Senator Cantwell and Democrats Reject Boeing Families’ Plea

In recent weeks, Senator Maria Cantwell (D-Washington) has been meeting with family members who lost their 346 loved ones in the two Boeing 737 crashes.

Maria Cantwell
(D-Washington)

The families want Senator Cantwell, chair of the Senate Commerce Committee, and her Democratic colleagues in the Congress to leave in place an end of the year deadline requiring Boeing to upgrade its crew alert system on Boeing MAX airplanes. 

Boeing wants an exemption.

And Boeing will get it in the next couple of weeks from Cantwell and a Democratic Party that is increasingly seen as siding with its corporate donors over their citizen constituents.

The Aircraft Certification, Safety and Accountability Act (ACSAA) prohibits the FAA from approving, after December 2022, any future aircraft designs which do not comply with an eleven-year-old FAA flight crew alerting safety rule. 

All manufacturers have complied with the 2011 FAA flight deck rule, except Boeing.

In July, Boeing CEO David Calhoun said that he was ready to cancel the 737 MAX 10 program if Congress didn’t extend the December 31 deadline.

(Two lawyers representing a number of the Boeing families in the wrongful death lawsuits against Boeing in Illinois state court in October called for a criminal investigation of Calhoun and former Boeing CEO Dennis Muilenberg for their complicity in the two crashes. (It’s Time for a Criminal Investigation of Boeing’s CEOS, by Robert A. Clifford and Shanin Specter, October 17, 2022.) )

In a letter to Senate Democratic leaders last week, the 921 Ethiopian Airlines Flight 302 crash victim families and friends from across the world opposed “any National Defense Authorization Act (NDAA) amendment that would extend the time for Boeing, or any aircraft manufacturer, to avoid installing modern, safe flight decks in future aircraft. Such an amendment is not relevant to national defense and would make civilian aircraft less safe.”

“After the ET302 crash of the Boeing MAX 8 occurred on March 10, 2019, the world learned about Boeing’s fraud on the FAA relating to MCAS (maneuvering characteristics augmentation system),” they wrote. “What is less known is that an old, confusing flight deck was found, by crash investigators, to be a contributing factor to the crash. The crew alerting system startles and confuses pilots with false and nuisance alerts who are trying to diagnose and correct problems in life threatening conditions.”

“We have since found out that the FAA issued a 2011 rule which requires airplanes to include modern flight crew alert systems that are intuitive while accurately diagnosing and prioritizing problems to assist, rather than confuse, pilots. That rule was long overdue because five prior crashes showed how unsafe the old system was.”

Captain Chesley Sullenberger

“In 1996, two Boeing 757 airplanes, AeroPeru 603 and Birgenair 301, crashed, killing a total of 259 people.

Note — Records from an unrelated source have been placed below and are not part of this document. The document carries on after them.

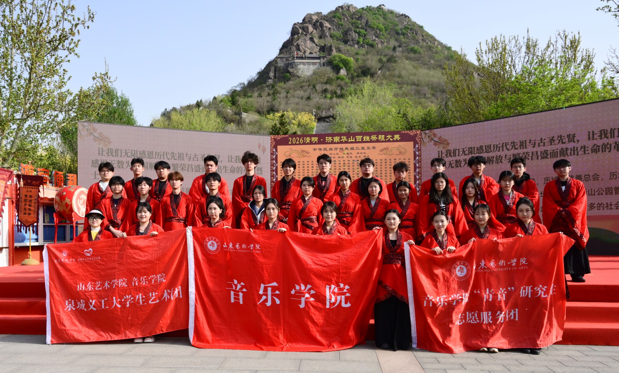 4月5日,2026济南·华山清明百姓祭祖大典在济南市历城区华山公园鹊华秋色广场举行。我校音乐学院师生受邀参加活动。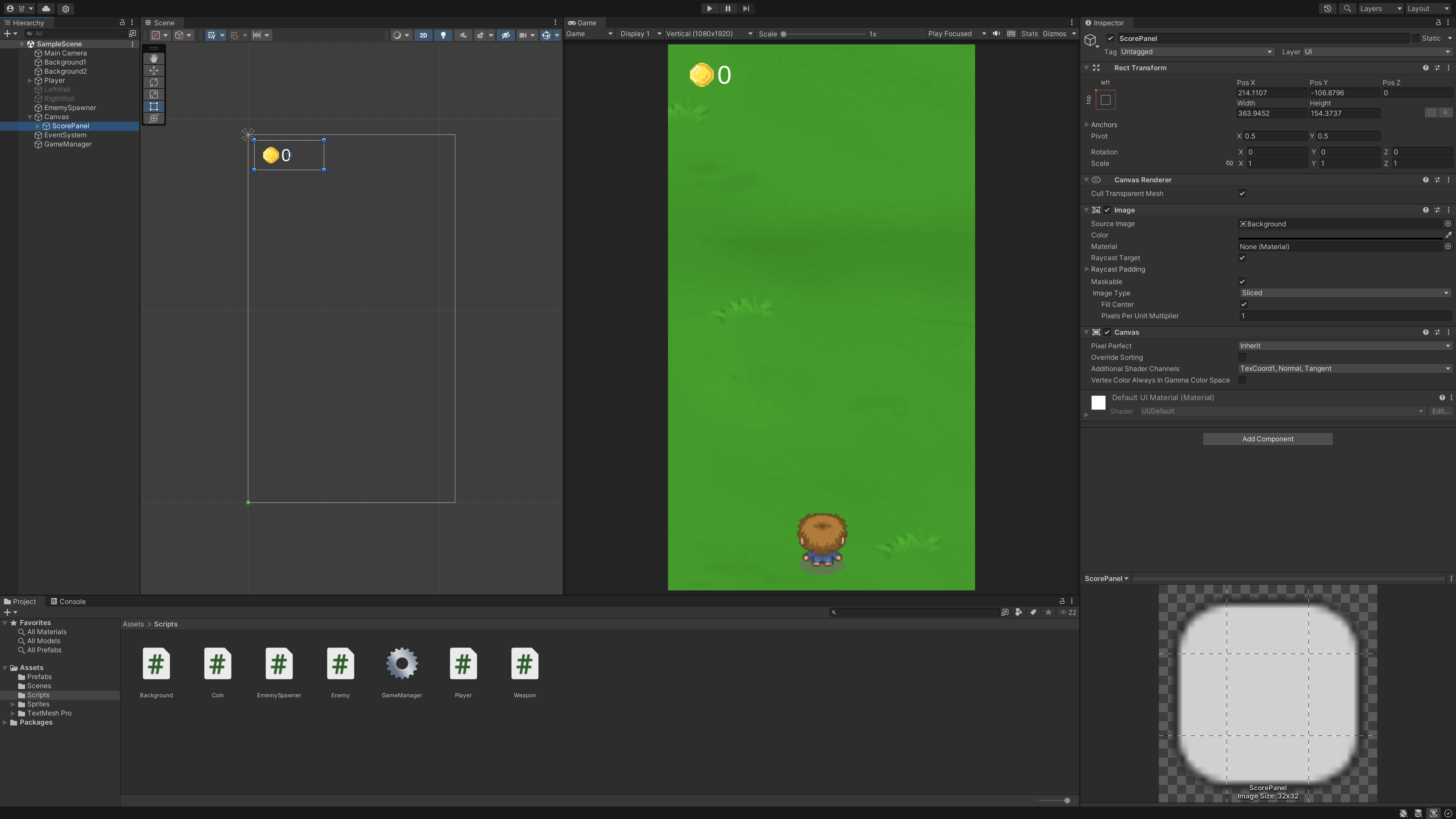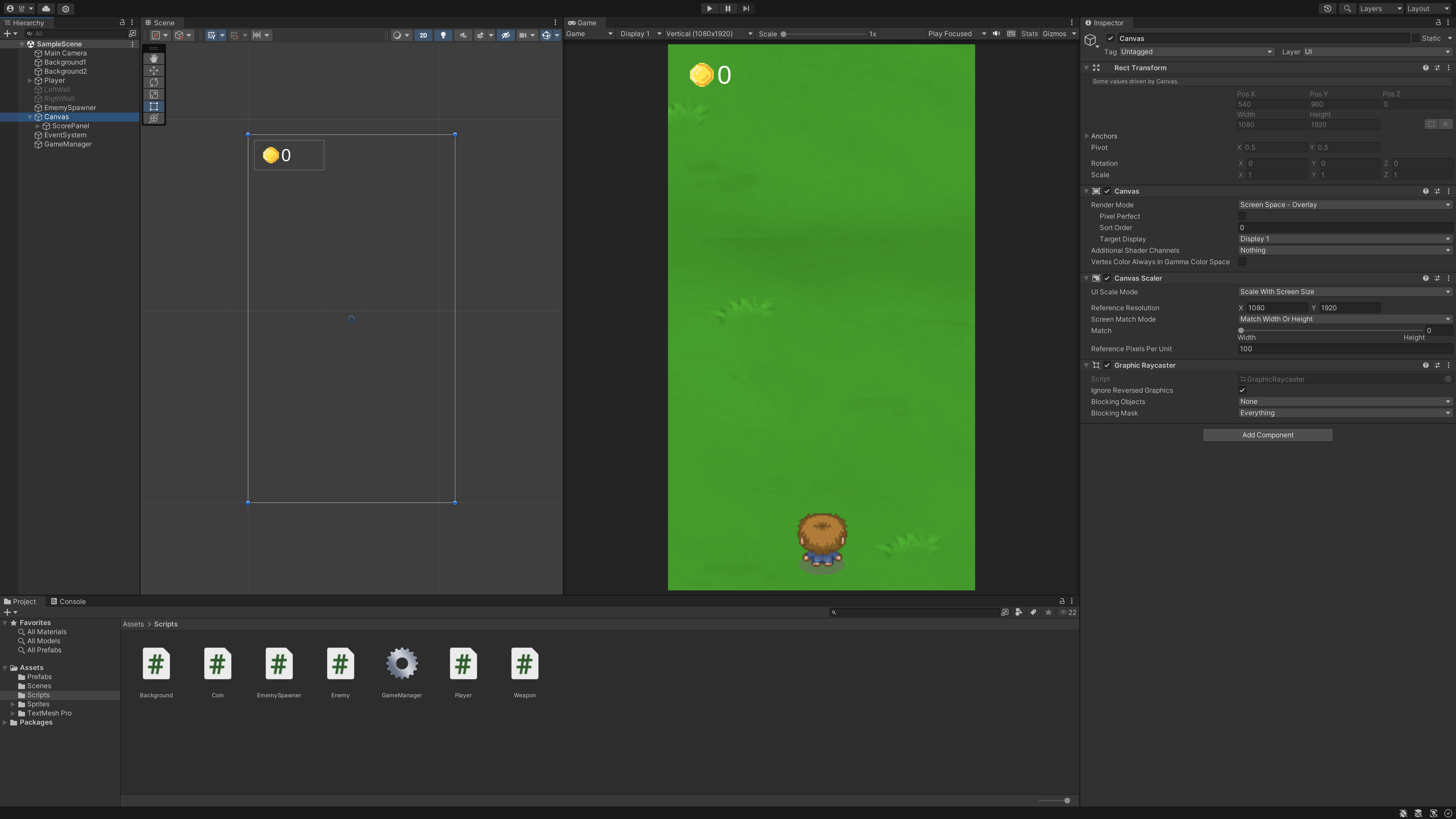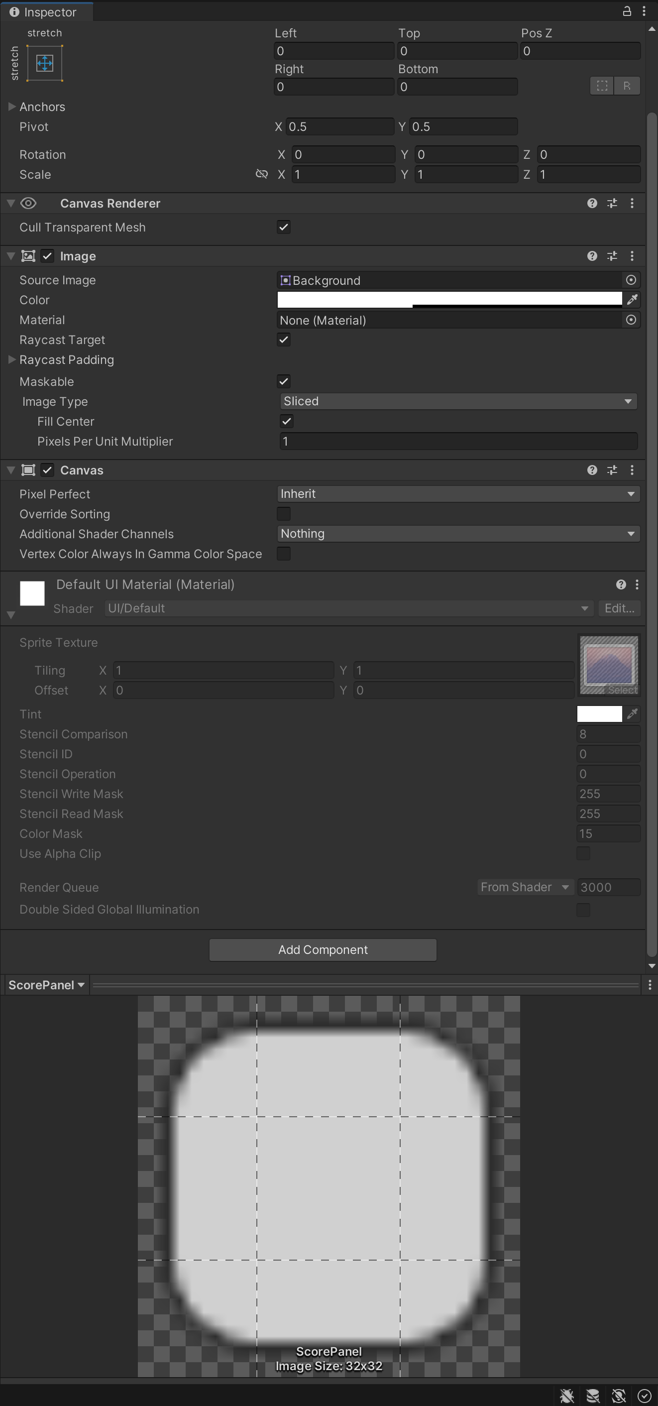 이유 : Canvas Scaler 컴포넌트는 가장 상위 객체에서만 나타남 (위 그림의 경우 ScorePanel이 아닌 Canvas에서만 나타남)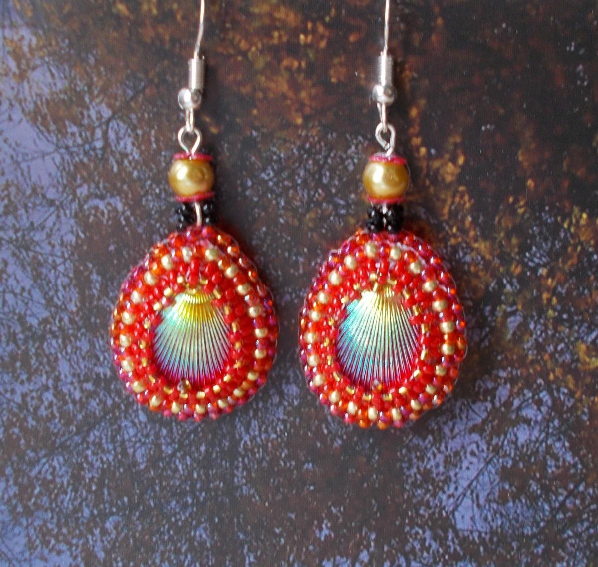 На старой работе нашлась хозяйка первому кулону с кисточкой, вышитому. Условие — с сережками. ТЗ простое — в тех же цветах, швензы белого металла, бюджет скромный, и красная бусина, как в колечке, мне подходит.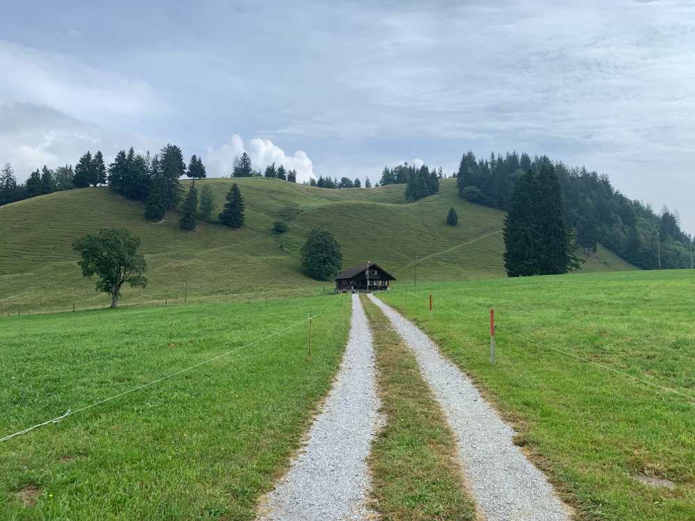 Heute gehts trocken und etwas kühl los. Über Schönried, Saanenmöser nach Zweisimmen und weiter auf der Route 9. Weil es immer noch trocken und freundlich ist bauen wir kurz nach Boltigen einen letzten Abstecher zum Rossberg (1136) ein und geniessen im gleichnamigen Gasthof einen ofenheissen Nussgipfel.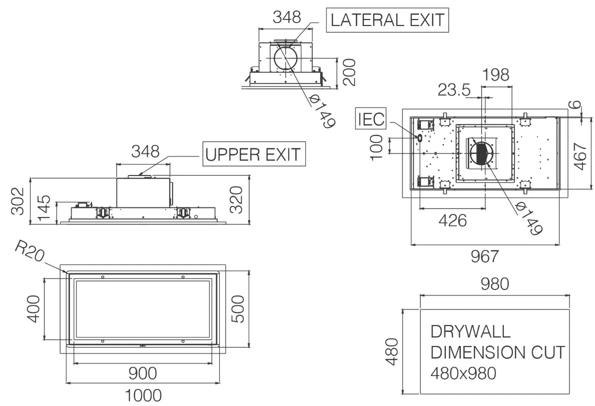 Cappa Skydome H.30 A/100 codice PRF0146232B

Subsequently, three more crashes, this time involving Boeing 737s, occurred: Helios 522 – 121 dead, Turkish Airlines 1951 – 9 dead, and Aeroflot 821 – 189 dead. Pilot confusion from the crew alert system was determined to be a contributing cause in all the crashes.”

“To our sorrow and loss, Boeing advocated and received an FAA approved exception from the flight crew alert rule for the MAX 8 and 9 aircraft. But predictably the old system again caused pilot confusion with false and nuisance alerts in the JT610 and ET302 crashes which killed 346 people, including our loved ones, in 2018 and 2019.”

“We have heard industry insiders and Boeing claim that some pilots want commonality between old and new aircraft alert systems. Those same insiders were a part of the problem before, and are motivated by profits. They have not learned the lessons of seven crashes. This is an aerospace engineering safety issue relating to human factors and system safety assessments, not airmanship. All the data shows the modern crew alerting system is more safe. Zero data supports the bogus commonality argument.”

“Safety in many industries would be frozen in time if incumbents could rebut safety engineering data by merely claiming that some people are comfortable with the old ways.”

“Therefore, we demand that you oppose any NDAA amendment that would grant an extension of time for Boeing to certify yet another aircraft that violates safety rules as the company pursues shareholder profit and executive stock option value.”

Captain Chesley “Sully” Sullenberger, famed for successfully landing an Airbus A320-214 on the Hudson River in New York in 2009 with no loss of human life, is siding with the families over Boeing. 

“As someone who has been in the left seat of an airliner when very suddenly faced with an extreme emergency of a lifetime, I can tell you from firsthand experience that the startle effect is real and it is huge,” Sullenberger said earlier this year. “That means that the airliners we fly must have the most effective and state of the art crew alerting systems so that pilots can quickly determine the nature and severity of emergencies and act rapidly and correctly to keep safe everyone on board — passengers and crew alike.” 

“I agree with the Airline Pilots Association and their opposition to the extension of Boeing’s current equipment exemption. The Federal Aviation Administration must require Boeing to install modern crew alerting systems on them.”